# April meeting



## alexopolus

The next club meeting will be the 26th at my place. The topic will be helping Alex to get rid of all the plants and live stock in the pond. Also we are going to have a brief talk about the club organization and future. 
By the way, if anyone has long gloves please bring them to the meeting!


----------



## digital_gods

How long? Like I'm going in long?


----------



## TanyaQ2000

lol....i want those


----------



## TanyaQ2000

posted on fishbox forum


----------



## bsboust

i'll be there


----------



## gonzoman

Would this be a good place for me to come to look into becoming a member?


----------



## TanyaQ2000

gonzoman said:


> Would this be a good place for me to come to look into becoming a member?


absolutely!


----------



## gonzoman

I will be there with bells on. I am starting up a large aquarium and will be looking to purchase a load of plants, cheap preferably. Specially grasses and ground covers... I am looking forward to meeting you guys. I have already gotten really good tips from Michael and Digital Gods. Thanks guys. 

I have a German and his 16 year old daughter staying with me. His daughter has a small planted tank as well. She would love this! Can they come along? 

Incidentally, everyone should have a live in German guest for a while. Their taste in beer is spectacular!


----------



## TanyaQ2000

gonzoman said:


> I will be there with bells on. I am starting up a large aquarium and will be looking to purchase a load of plants, cheap preferably.

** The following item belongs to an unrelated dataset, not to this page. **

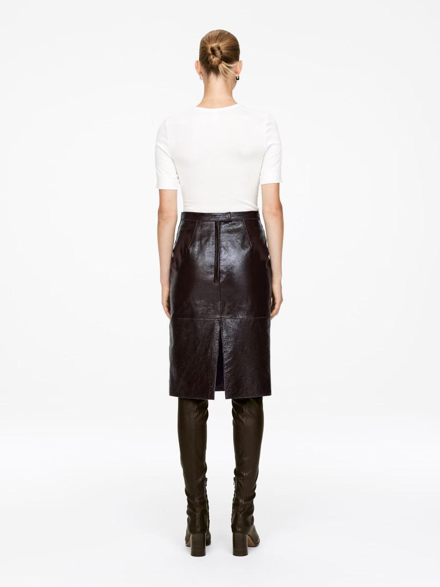 Below-the-knee skirt crafted from leather that has undergone a chrome-free tanning process. Cut in a slim fit with a high-shine surface and subtly crinkled texture for a distinctive finish. Topstitching and a centre-back slit.ARKET/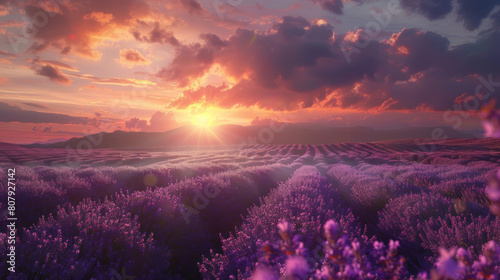 A mesmerizing view of a sunset over a field of lavender, the sky painted in shades of purple and gold as the day comes to a close.

If you become a member, $20 annually, then all plants are free. We don't sell plants to other members on this forum. looking forward to meeting you.


----------



## TanyaQ2000

Alex, send me the meeting location as I have misplaced it. I have several on Fishbox inquiring. I think we'll have a good turn-out


----------



## TanyaQ2000

thanks, Alex

I have the address if anyone needs it...replying to those on Fishbox now


----------



## alexopolus

gonzoman said:


> I will be there with bells on. I am starting up a large aquarium and will be looking to purchase a load of plants, cheap preferably. Specially grasses and ground covers... I am looking forward to meeting you guys. I have already gotten really good tips from Michael and Digital Gods. Thanks guys.
> 
> I have a German and his 16 year old daughter staying with me. His daughter has a small planted tank as well. She would love this! Can they come along?
> 
> Incidentally, everyone should have a live in German guest for a while. Their taste in beer is spectacular!


They are welcome to come.

Alex


----------



## aquarium hippy

I just noticed this is on a Sunday, hopefully we eventually have a Saturday meeting as I work on Sunday's and will likely never get to go on a Sunday. I hope the meeting is a success and wish the best of luck to all of you.


----------



## CrownMan

Hey Jason,

If your plant needs are within the next few weeks, you can PM me and I can make myself available on a Saturday to do a trimming. I have 8 planted tanks and 2 or 3 need trimming every few weeks. Let me know and we can setup a time. I have tanks I could be trimming tomorrow they are so overgrown.


----------



## aquarium hippy

Oh i dont really need anything just really want to get in the loop ev everyone here thinks I'm crazy


----------



## lrulff

Please Alex PM me your address.


----------



## TanyaQ2000

lrulff said:


> Please Alex PM me your address.


pm sent

i thinking the 'upcoming meetings' sticky is now working....thanks Tugg


----------



## mooncon

Do you need me to bring a sump pump so we can get the water out after plant and livestock removal.Are you trying to save the pond or are we going to just cut it in to pieces and take it up.If we are going to cut it up I can bring a saw to do that also.I cant remember if its in the ground or above ground,i can bring just about any tools we need to either take it up in one piece or destroy it to get it out just let me know which way were going with the removal.


----------



## TanyaQ2000

I know the pond is in ground, level with his yard and that's why we're taking it out so it isn't a hazard to his son. I say bring the whole damn tool shed, Danny!


----------



## CrownMan

I'll bring the Crown and some 5G buckets.


----------



## mooncon

are you bringing that much crown that we will need to mix it in 5 gallon buckets


----------



## Virc003

TanyaQ2000 said:


> I know the pond is in ground, level with his yard and that's why we're taking it out so it isn't a hazard to his son. I say bring the whole damn tool shed, Danny!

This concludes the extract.